Il bégaie -et la voix avec laquelle il s'exprime est claire.
Pas la sienne,
comme un spectre,
(et elle en face a les mains plaquées sur sa bouche comme si elle avait oublié de parler)(qu'elle ne pouvait plus parler)
Volutes qui flottent autour de sa tête,
l'écrasement dans sa gorge se libère, il la sent comme légère. Plus entravée, comme libérée de la pression qui le noyait. Mais ça ne l'aidait pas à se calmer (comment est-ce que tu pouvais comprendre ce qui venait d'arriver ?)
Merde
il devait se relever
avant que d'autres ne les trouvent, qu'elle se mette à crier à l'aide (mais tu savais pas Azur qu'elle pouvait pas, pas encore, t'étais trop sous le choc pour réaliser alors que tu pensais qu'à t'enfuir et à te faire oublier)
Un instant pourtant
il les voit bien,
les volutes de fumée bleutées (comme cette couleur que tu portais) qui s'éloignent et retournent à elle, qu'elle pousse un cri alors que sa voix à lui s'apaise.
Ce n'était pas la sienne.
Comme si je lui avais volée
(Oh oui c'est ce bien le plus précieux que tu lui avais dérobé, ce que tu as perdu et désire depuis tellement d'années)
Azur,
elle reste là et lui,
lui il fuit, se laissant avaler par la nuit. Maudissant les rues de l'Avoué, cherchant à disparaître de ces murs -mais où est-ce qu'il allait pouvoir se réfugier ? La nuit était déjà bien avancée (tu ne pouvais réveiller personne sans les inquiéter).
Il se perd,
au fond d'une ruelle,
le dos contre un mur,
à s'échouer au sol le visage dans les mains, qu'est-ce qui m'arrive, qu'est-ce qui vient de m'arriver, (emprunter une voix) pouvoir pleinement s'exprimer de nouveau c'était trop beau pour être vrai (mais le poids dans ta gorge s'était dissipé quand tout ça s'était révélé)(Azur, ouvre les yeux)(tu peux pas l'ignorer)
qu'est-ce qui m'arrive...
Un fou s'en réjouirait,
mais lui,
à ne pas comprendre,
il était juste effrayé.
(Ça passerait Azur, parce que c'était juste le choc de n'avoir personne pour expliquer)(tout ça, tu sais, tu apprendras à l'apprécier)

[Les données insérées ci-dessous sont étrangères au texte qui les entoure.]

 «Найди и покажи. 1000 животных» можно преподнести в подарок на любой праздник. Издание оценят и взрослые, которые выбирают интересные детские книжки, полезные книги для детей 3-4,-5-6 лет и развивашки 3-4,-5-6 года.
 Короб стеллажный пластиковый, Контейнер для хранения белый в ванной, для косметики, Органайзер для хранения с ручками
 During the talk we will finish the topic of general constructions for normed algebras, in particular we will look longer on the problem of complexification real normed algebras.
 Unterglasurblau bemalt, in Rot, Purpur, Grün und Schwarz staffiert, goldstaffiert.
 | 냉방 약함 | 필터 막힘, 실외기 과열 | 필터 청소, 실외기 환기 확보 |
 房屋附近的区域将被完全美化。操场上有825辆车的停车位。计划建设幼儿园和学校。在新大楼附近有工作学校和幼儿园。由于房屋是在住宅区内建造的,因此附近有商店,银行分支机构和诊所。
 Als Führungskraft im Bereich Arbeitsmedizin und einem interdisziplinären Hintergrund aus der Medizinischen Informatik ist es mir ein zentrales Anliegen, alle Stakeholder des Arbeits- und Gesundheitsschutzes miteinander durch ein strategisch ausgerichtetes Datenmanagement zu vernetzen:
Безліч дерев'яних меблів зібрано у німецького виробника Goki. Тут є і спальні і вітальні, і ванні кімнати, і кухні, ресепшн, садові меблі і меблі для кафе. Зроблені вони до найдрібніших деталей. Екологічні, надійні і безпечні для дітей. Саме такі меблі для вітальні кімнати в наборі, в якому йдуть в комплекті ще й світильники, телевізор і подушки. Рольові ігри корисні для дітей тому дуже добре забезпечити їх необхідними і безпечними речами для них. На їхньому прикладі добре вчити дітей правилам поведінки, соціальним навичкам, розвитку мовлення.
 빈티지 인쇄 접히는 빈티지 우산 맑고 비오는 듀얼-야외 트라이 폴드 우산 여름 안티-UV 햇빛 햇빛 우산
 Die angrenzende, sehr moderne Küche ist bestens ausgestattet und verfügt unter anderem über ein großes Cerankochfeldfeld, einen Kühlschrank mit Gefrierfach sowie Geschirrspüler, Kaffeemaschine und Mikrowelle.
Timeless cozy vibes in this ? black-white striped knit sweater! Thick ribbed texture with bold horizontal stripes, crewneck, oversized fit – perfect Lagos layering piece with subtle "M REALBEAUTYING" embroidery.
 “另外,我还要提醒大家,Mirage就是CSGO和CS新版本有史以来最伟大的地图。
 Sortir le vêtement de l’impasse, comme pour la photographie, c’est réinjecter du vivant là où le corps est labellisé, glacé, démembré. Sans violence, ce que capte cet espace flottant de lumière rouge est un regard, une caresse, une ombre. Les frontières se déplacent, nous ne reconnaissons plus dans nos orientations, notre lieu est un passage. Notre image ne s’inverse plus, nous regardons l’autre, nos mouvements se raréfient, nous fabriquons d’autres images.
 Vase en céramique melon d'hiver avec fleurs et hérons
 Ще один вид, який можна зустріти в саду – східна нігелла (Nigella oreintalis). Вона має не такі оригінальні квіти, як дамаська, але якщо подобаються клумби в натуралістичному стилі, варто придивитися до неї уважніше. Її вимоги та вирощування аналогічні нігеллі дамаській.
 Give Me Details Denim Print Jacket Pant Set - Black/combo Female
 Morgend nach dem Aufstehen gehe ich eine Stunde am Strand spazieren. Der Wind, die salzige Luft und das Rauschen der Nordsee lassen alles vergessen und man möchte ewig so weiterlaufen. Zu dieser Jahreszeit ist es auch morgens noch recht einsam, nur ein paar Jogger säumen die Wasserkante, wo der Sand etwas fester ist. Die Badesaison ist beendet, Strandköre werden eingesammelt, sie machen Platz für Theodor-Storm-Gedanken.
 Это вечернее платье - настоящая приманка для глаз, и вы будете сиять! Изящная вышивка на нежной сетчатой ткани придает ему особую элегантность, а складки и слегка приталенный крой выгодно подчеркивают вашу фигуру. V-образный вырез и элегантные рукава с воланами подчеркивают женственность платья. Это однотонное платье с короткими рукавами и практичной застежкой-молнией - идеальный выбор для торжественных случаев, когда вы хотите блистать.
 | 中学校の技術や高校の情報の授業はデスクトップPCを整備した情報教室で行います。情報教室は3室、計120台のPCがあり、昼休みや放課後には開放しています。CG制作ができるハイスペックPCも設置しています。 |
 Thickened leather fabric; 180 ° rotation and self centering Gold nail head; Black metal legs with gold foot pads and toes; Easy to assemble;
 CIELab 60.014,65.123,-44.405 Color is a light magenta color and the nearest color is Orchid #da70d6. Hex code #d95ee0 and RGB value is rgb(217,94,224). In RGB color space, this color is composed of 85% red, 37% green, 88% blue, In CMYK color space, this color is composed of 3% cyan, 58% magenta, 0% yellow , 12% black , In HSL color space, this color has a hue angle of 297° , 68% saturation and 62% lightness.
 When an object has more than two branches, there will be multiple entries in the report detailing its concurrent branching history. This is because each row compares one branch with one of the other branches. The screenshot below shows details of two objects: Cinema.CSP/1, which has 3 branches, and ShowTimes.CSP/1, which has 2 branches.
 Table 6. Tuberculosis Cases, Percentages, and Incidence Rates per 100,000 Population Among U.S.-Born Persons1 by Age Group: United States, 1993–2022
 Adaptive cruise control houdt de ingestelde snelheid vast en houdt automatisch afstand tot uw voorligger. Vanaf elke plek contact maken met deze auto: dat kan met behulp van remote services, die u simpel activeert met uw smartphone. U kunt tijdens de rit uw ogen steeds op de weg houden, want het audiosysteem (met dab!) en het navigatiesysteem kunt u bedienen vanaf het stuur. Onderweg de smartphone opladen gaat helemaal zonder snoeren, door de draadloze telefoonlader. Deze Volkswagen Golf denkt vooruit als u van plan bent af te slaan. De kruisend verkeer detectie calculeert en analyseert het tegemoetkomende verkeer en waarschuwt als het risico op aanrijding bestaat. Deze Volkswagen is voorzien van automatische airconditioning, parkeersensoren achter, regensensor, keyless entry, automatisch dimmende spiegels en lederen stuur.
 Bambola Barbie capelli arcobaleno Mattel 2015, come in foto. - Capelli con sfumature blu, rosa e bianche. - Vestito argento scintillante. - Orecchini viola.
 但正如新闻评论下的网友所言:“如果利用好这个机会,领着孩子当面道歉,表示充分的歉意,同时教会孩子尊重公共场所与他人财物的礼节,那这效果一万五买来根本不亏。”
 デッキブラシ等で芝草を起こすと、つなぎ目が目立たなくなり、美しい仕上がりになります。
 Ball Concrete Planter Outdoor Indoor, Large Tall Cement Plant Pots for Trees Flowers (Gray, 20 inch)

Azur se réveille ; la panique l'assiège. Il fuit sans comprendre, sans chercher de réponse, se heurte à une rencontre. Et quand il la repousse sous la peur, sa voix s'élève, lui qui ne pouvait plus crier. Alors il fuit, encore, se perd au fond d'une ruelle sans comprendre ce qui lui arrive.